# YOUR GOAL:
Go through the data and copy each line where the word "page" shows up.

# INPUT FOR THIS TASK:
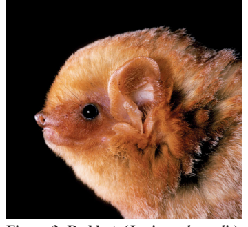
Figure 3. Red bat, ( Lasiurus borealis ).

The red bat (Lasiurus borealis, Figure 3) resides mainly in the bark or foliage of trees, including trees in residential landscapes. The red bat can be seen at dusk flying an elliptical pattern near trees while catching insects. Red bats have reddish-brown to rust-colored fur on top with a paler red underside and cream or off-white patches on each shoulder. Smaller
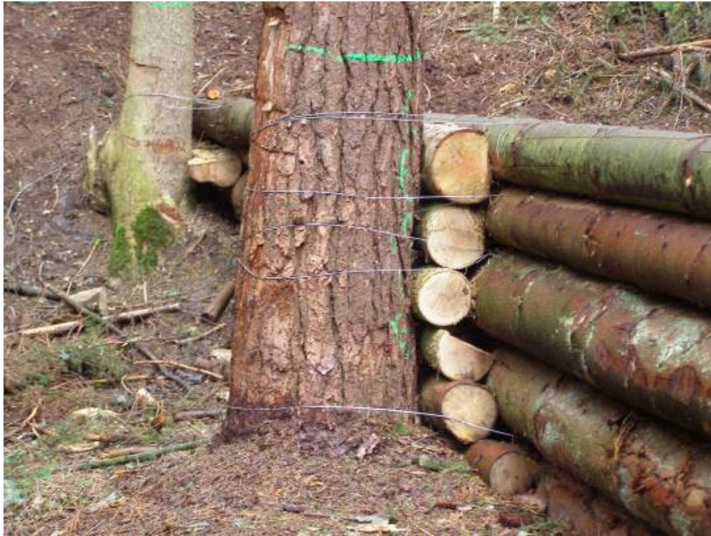
Use of wire to secure timber bund to long tree stumps
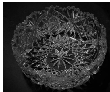
Hawkes cut glass bowl

As a way to promote interest in the Museum, we have been posting photos featuring interesting pieces from the Museum collection on our Facebook page.
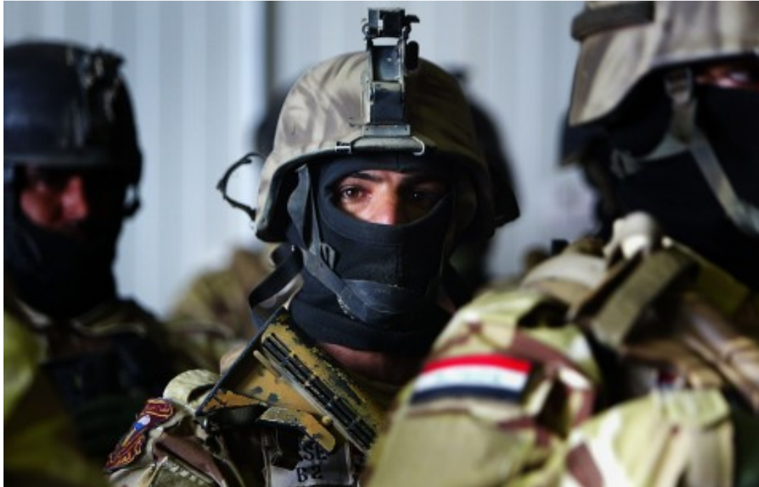
(Iraqi Special Operation Forces)

infusion cell," which will operate independently of Iraq's other intelligence networks. The ISOF is at least 4,564 operatives strong, making it approximately the size of the US Army's own Special Forces in Iraq. Congressional records indicate that there are plans to double the ISOF over the next "several years."
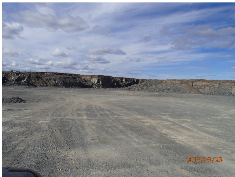
Photograph F1-17: Quarry 11 – km 53+500
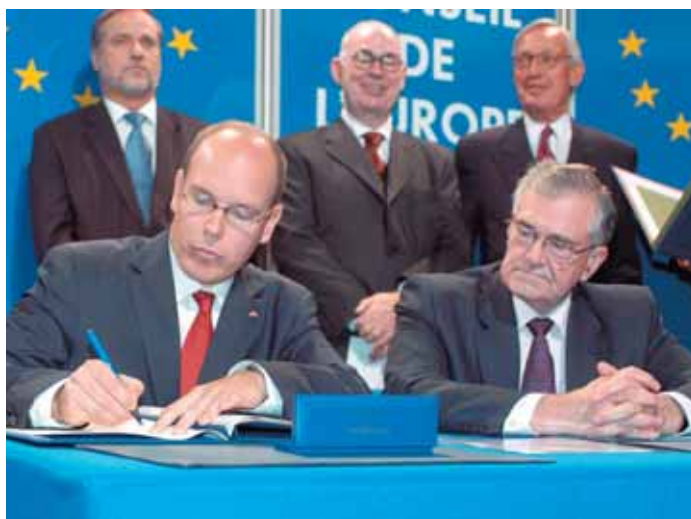
H.S.H. Prince Albert II at the Council of Europe.

As far as communications are concerned, all of Monaco's news is conveyed throughout the ►
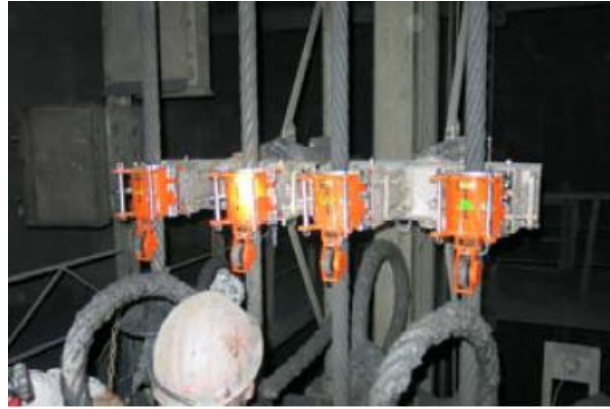
Fig.4. Rope inspection system INTROS to inspect four mining ropes at once

We have recently started two new projects at potassium mine in Russia to inspect hoisting ropes periodically with automatic data interpretation, and another one is to continuously inspect crane rope at steel mill. The rope at steel mill is subject of essential heating and needs continuous monitoring in order to prevent its break.
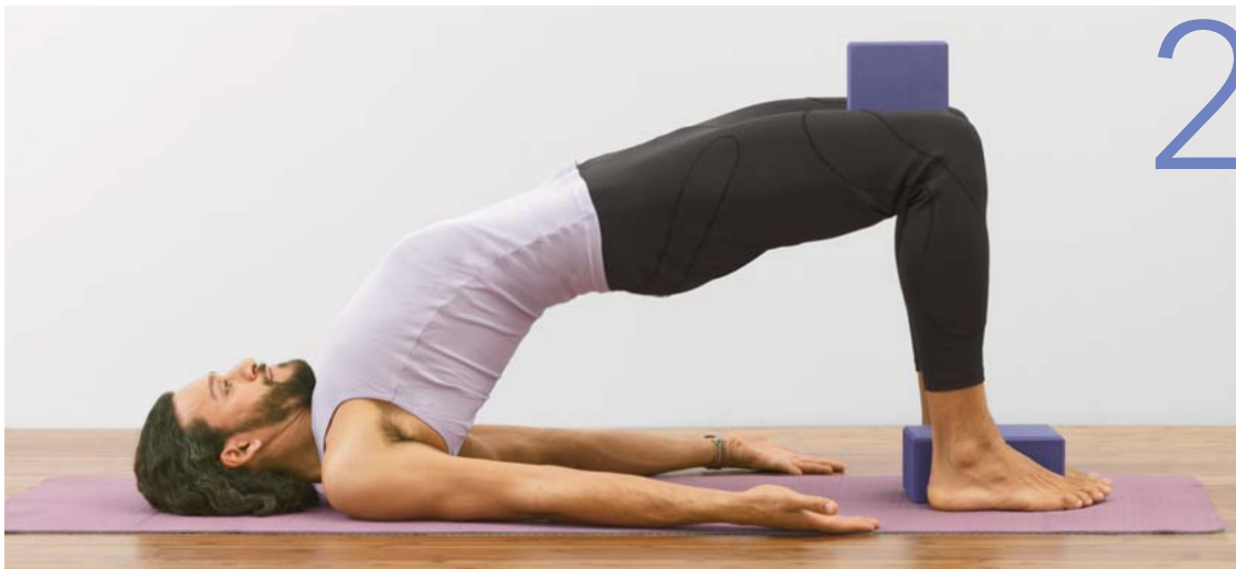
Figure 2 (variation of Setu Bandha Sarvangasana) is described on page 66.

The first variation, which is one of my favorites, is a restorative version that will open your thoracic spine, teach you several important actions, and relax you on a muscular and an energetic level. You can use this setup outside class when you feel congested or tight in your upper back.
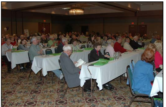
General Session Attendees
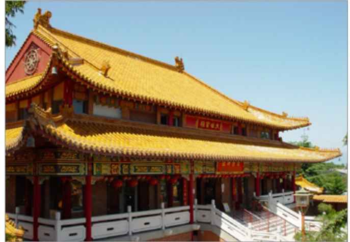
FIG. 6. THE INTERNATIONAL BUDDHIST SOCIETY TEMPLE, 9160 STEVESTON HIGHWAY, RICHMOND, BC, EPITOMIZES A SUCCESSFUL MARRIAGE OF WESTERN CONSTRUCTION METHODS AND THE TRADITIONAL NORTHERN CHINESE STYLE OF PALATIAL ARCHITECTURE.

roofing in a patently Chinese architectural style highlight the Mahāyāna Pure Land sanctuary's symmetrical red brick façade. 36 As Victoria Yau has observed, "[u]se of strong primary colours on building exteriors is a special feature of Chinese architecture." 37
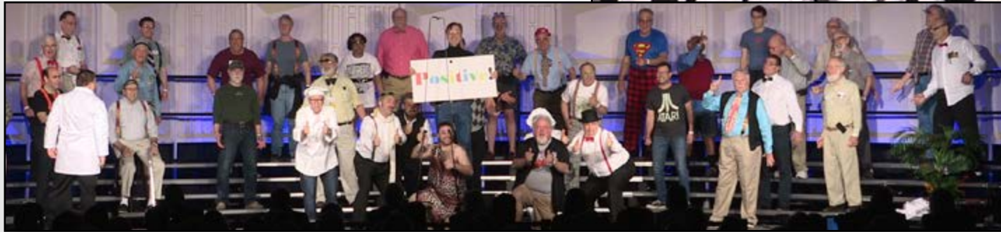
THIRD PLACE MEDALIST WESTCHESTER CHORDSMEN
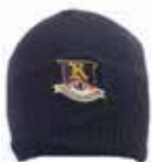
beanie (ELC to year 12)

# ANSWER TO THIS TASK:
As a way to promote interest in the Museum, we have been posting photos featuring interesting pieces from the Museum collection on our Facebook page.
Figure 2 (variation of Setu Bandha Sarvangasana) is described on page 66.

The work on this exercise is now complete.